Dear "eclipse" if memory serves there was a very small article about an optical mfb system in "Wireless World" in the 70's It was not a feature just one of those 'design ideas' and it had a LED suspended above the cone, a few other components and an op-amp. I'll try and get the month/year so you will be able to track it down. Might take 24 hrs. Jonathan Bright
 
SY said:
The proper way to do this optically is to set it up with a monochromatic source (ie, a laser diode) and an interferometer. In this case, you're just counting fringes and since it's digital, you can massage the data any way you like- there's no added noise from the two differentiations, for example. You would probably use a double beam, with one being in quadrature to the other so that you know when the cone is moving forward and when it's moving backward.

I think it would make a dandy senior project.


The low-noise HP Interferometers show up on ebay about once a week -- i haven't been shopping for laser/optics stuff in about a year, but bought a dandy Newport table, autoleveling, for about a grand last year. (Seller was an IBM lab which was being closed -- what a hoot -- the largesse of IBM shareholders -- cheaper to sell it on EBay than send it down to the Carolinas),.
 
Alexander Rice said:
Okay, sorry to butt in, but anyone who has got as far as the final year of an engineering degree and who is seriously proposing to use laser inferometry as a method of measuring speaker cone position is just plain daft. For one thing the laser required to get the necessary coherence length would be pretty big - a few feet long would be typical of a frequency stabilised HeNe which is about the minimum you could get away with, add on a bunch of optics, some of which must be attached to the cone, and add to the problem that the relationship between the stationary optics need to remain constant to the nearest wavelenghth of light while there is a bloody great subwoofer nearby is plain imposible.

I had to untie myself from the straightjacket long enough to type out a reply- you'll excuse the brevity, but the nice young men in the clean white coats are limiting my typing time.

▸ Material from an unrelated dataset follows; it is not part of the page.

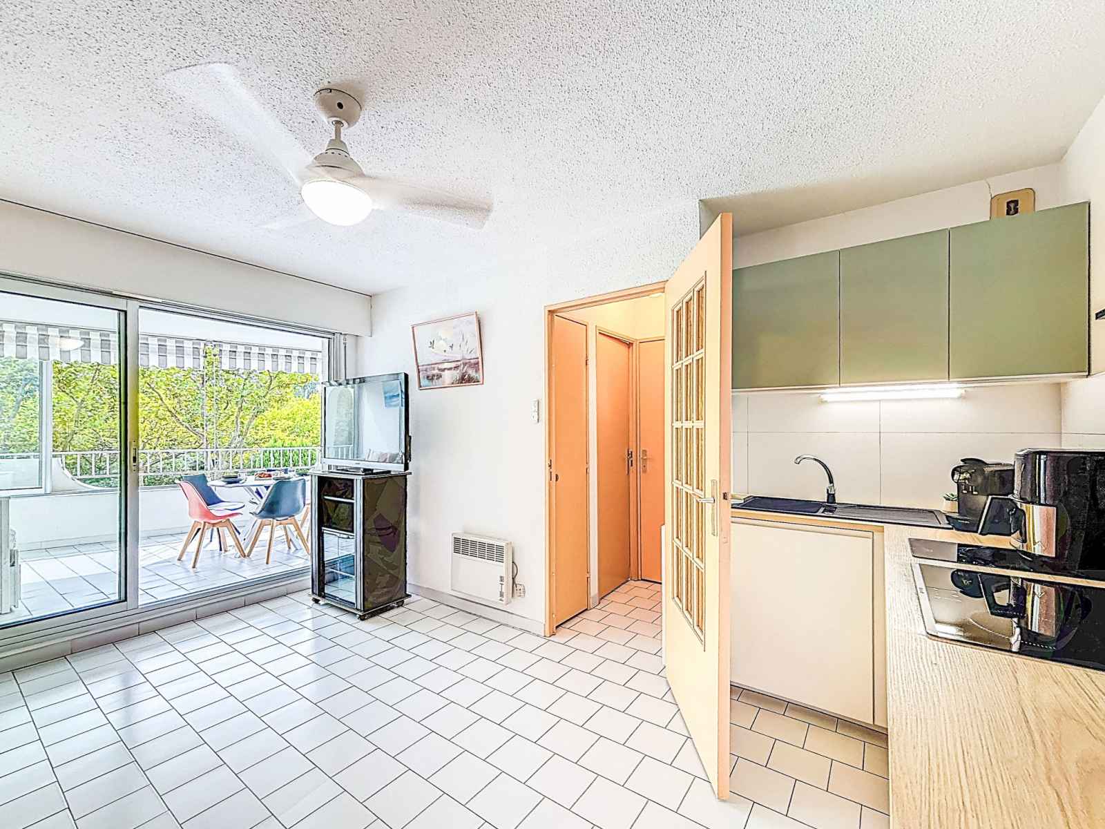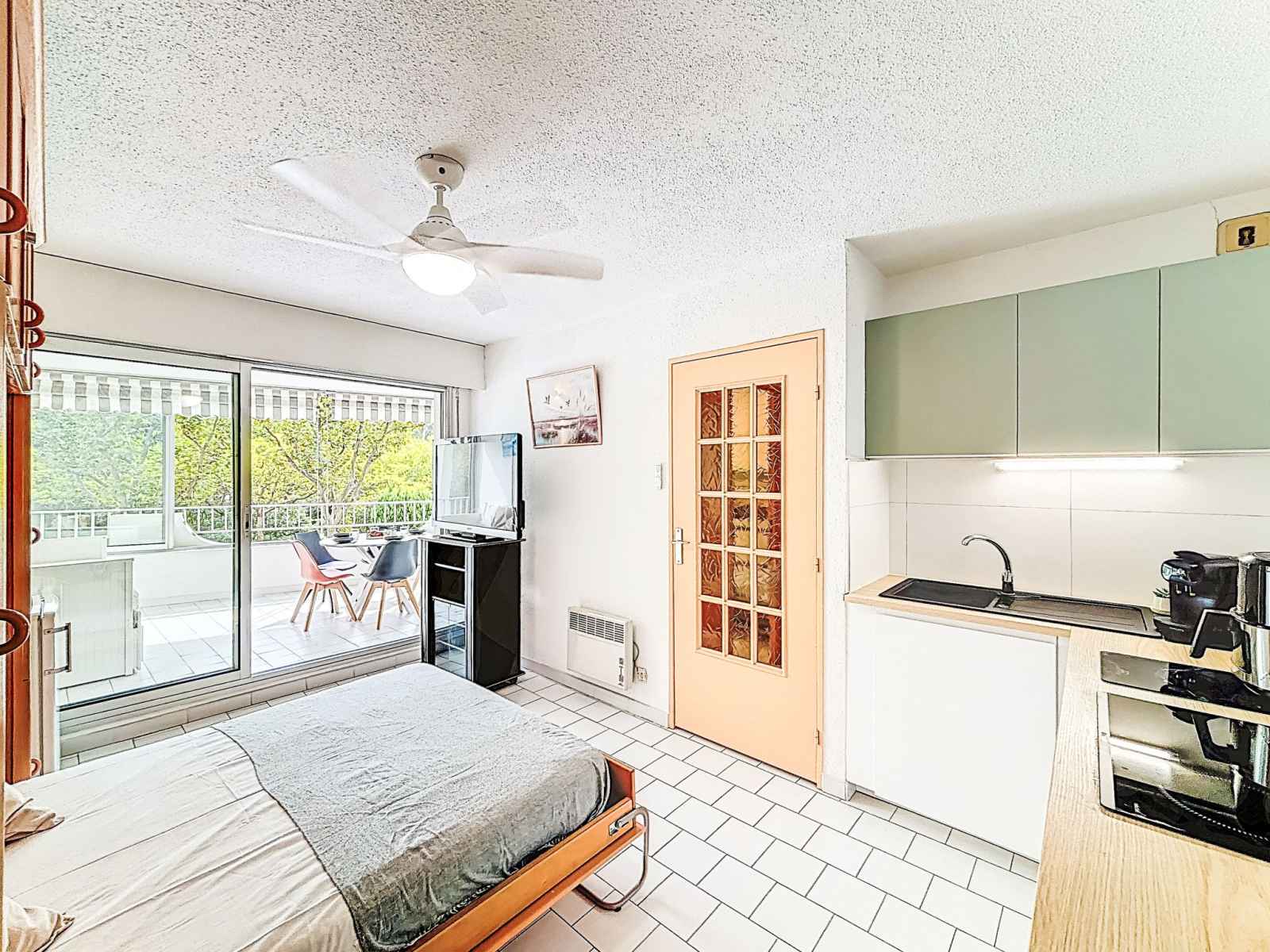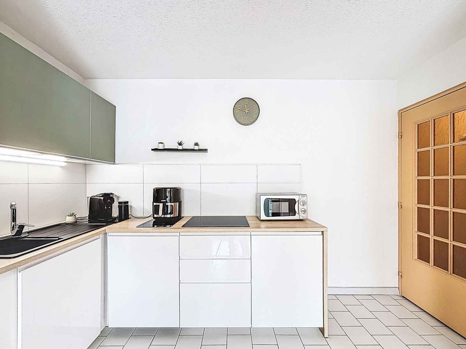 (90 cm, longueur 190 cm). Sortie sur la loggia. Coin cuisine (lave-vaisselle, 3 plaques à induction, grille-pain, bouilloire électrique, micro-ondes, congélateur, cafetière électrique, Capsules pour machine à café (PHILLIPS) (NON INCLUSES)). Salle de bains, baignoire sabot, WC séparé. Loggia. Vue sur le jardin. A disposition: Internet (Connexion WIFI, en sus). Place de parking No 132. Veuillez noter: logement non-fumeur. Détecteur de fumée. Annonce d'un particulier (art 155, IV du CGI). 06 87 665 378 414

I did a design like this some years ago for a moving mirror assembly for a Michelson interferometer, exactly analogous to a woofer (magnet, motor, driving amp) using a very small HeNe laser with a beam splitter and a couple of mirrors, including a small outrigger mirror to do the quadrature. The MI operated in the IR, with its motion controlled by the accessory red light laser. The only real difference from a woofer is that instead of a spider suspension, we used an air-bearing, and the moving mirror was rather more massive than a cone. It functioned quite well up to about 100 Hz or so. Similar designs are routinely used with more springlike suspensions in commercial rapid-scan spectrometers. All I can say is that the idea may be daft, but it was used commercially for some instruments that are still considered benchmarks.
 
Engineering is all about compromise and trying to find the solution that meets a given set of criteria with the least possible compromise, it is also about evaluating the possibilites and choosing the most appropriate, all i was getting at was that given the good alternatives, a MI seemed a poor choice.